The prospect of simplified method development for 1D and 2D-LC separations has long been sought for. Indeed, past CAST publications, but also those by many other groups, have investigated the classical approach used also extensively for 1D separations using empirical retention models. Meanwhile, machine-learning tools have emerged as an alternative across STEM fields. It is thus not surprising that its application has been of interest to several groups in the chromatographic community.
Together with dr. Patrick Forré from the Institute of Informatics at the University of Amsterdam, as well as researchers from the Van ‘t Hoff Institute for Molecular Sciences dr. Bernd Ensing (Computational Chemistry) and CAST member dr. Bob Pirok (Analytical Chemistry), PhD candidate Jim Boelrijk (Institute of Informatics) studied the feasibility of using Bayesian Optimization for the optimization of method development in 2D-LC separations.

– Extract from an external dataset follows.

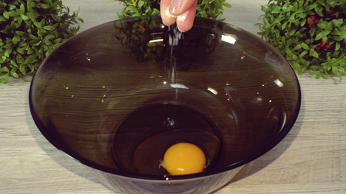Для начала необходимо соединить яйцо с солью в глубокой миске. Далее добавляют сахар — оптимально использовать 3 столовые ложки без горки, чтобы печенье получилось умеренно сладким. С помощью венчика все ингредиенты тщательно перемешивают.

For any machine learning tool to operate effectively within the context of method optimization, the use of a chromatographic response function or objective function is of paramount importance. Such functions quantify a particular quality descriptor that represent the performance of the separation method. Known examples in the field of 2D separations are peak capacity and orthogonality. However, maximised peak capacity or orthogonality does not necessarily translate into a high information yield. Resolution has also been investigated but its use is impaired by scaling issues. Consequently, the present study employed the concept of connected components (Figure 1).
The simulated method development cycles yielded a larger number of separated peaks clusters (connected components) relative to the random and grid search algorithms (Figure 2).
The study by Boelrijk demonstrated that Bayesian optimization is a viable method for optimization of chromatographic experiments with many method parameters, and therefore also for direct experimental optimization of simple to moderate separation problems. This study was conducted under a simplified chromatographic reality (Gaussian peaks and equal concentration of analytes, generated compounds). Boelrijk thus remains interested to continue this research by working towards actual direct experimental optimization.